HUBER+SUHNER With Significant Increase In Order Intake And Improved Profitability


The first six months of 2014 showed positive momentum for HUBER+SUHNER. Net sales at CHF 366.8 million were, as expected, 5.4% lower compared to 2013. In organic terms, before taking currency and copper effects into consideration, sales were almost at the same level (-0.7%) as in the previous year. At the same time, order intake (+16% on CHF 408.9 million) picked up significantly, primarily in Fiber Optics as well as in Radio Frequency. EBIT increased to CHF 33.8 million (+14.9%). Profitability grew markedly in the first half-year with an EBIT margin of 9.2% surpassing the medium-term target range.

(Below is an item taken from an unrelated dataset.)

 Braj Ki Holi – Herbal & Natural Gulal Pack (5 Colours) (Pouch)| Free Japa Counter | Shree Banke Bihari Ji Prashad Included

The pleasing increase in order intake was mainly based on the LTE roll-outs related to the introduction of the 4G mobile communication standard. The HUBER+SUHNER customer base for this application is now broader in geographical terms. The market segment railway also grew compared with the equivalent period of the previous year and has a substantial volume of projects in the pipeline. Furthermore, a strong boost was seen particularly in Asia, with China, India and Australia currently achieving the highest growth rates.

As expected, net sales of CHF 366.8 million in the first half-year lagged behind the strong equivalent period of the previous year (-5.4% recorded, -0.7% organically), but increased noticeably in comparison with the second half of 2013. The key influencing factor for this was the base effect of the FTTA (Fibre to the Antenna) wave in North America in the first half of 2013. By contrast, the positive trend in the market segment railway continued, supported by large-scale projects in China and Europe and the generally increasing importance of communication technology in trains.

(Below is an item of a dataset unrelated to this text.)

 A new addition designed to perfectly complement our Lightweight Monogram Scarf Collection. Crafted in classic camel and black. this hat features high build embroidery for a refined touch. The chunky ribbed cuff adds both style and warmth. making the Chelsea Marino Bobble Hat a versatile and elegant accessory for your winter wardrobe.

The three main markets of HUBER+SUHNER developed quite differently in the first half of 2014. In Communication, sales decreased by 5.7%. Nevertheless, the 42% higher order intake shows a very positive momentum in the first six months. In Transportation, sales picked up by 4.8%, whereas in Industry sales decreased by 16%.

Net income increased thanks to a higher gross margin and a lower tax rate. The EBIT margin of 9.2% in the first term outperformed the mid-term target range with a pleasing profitability in all three divisions. The free operating cash flow was slightly negative, mainly due to the purchase of a building in Pfäffikon to set up a new European logistics centre.

The number of employees rose worldwide during the first half-year compared with the end of 2013 by 217 permanent employees (up 6.2%). This was mainly due to the expansion of capacities in China and Tunisia to meet growing business volumes. The number of employees in Switzerland remained stable.

The strong increase in order intake in the first half-year and the noticeably higher level of orders on hand compared with the previous year make us optimistic for the second semester. For 2014 as a whole, HUBER+SUHNER expects growth in net sales of 2-4% with an EBIT margin slightly exceeding the target range of 6-9%.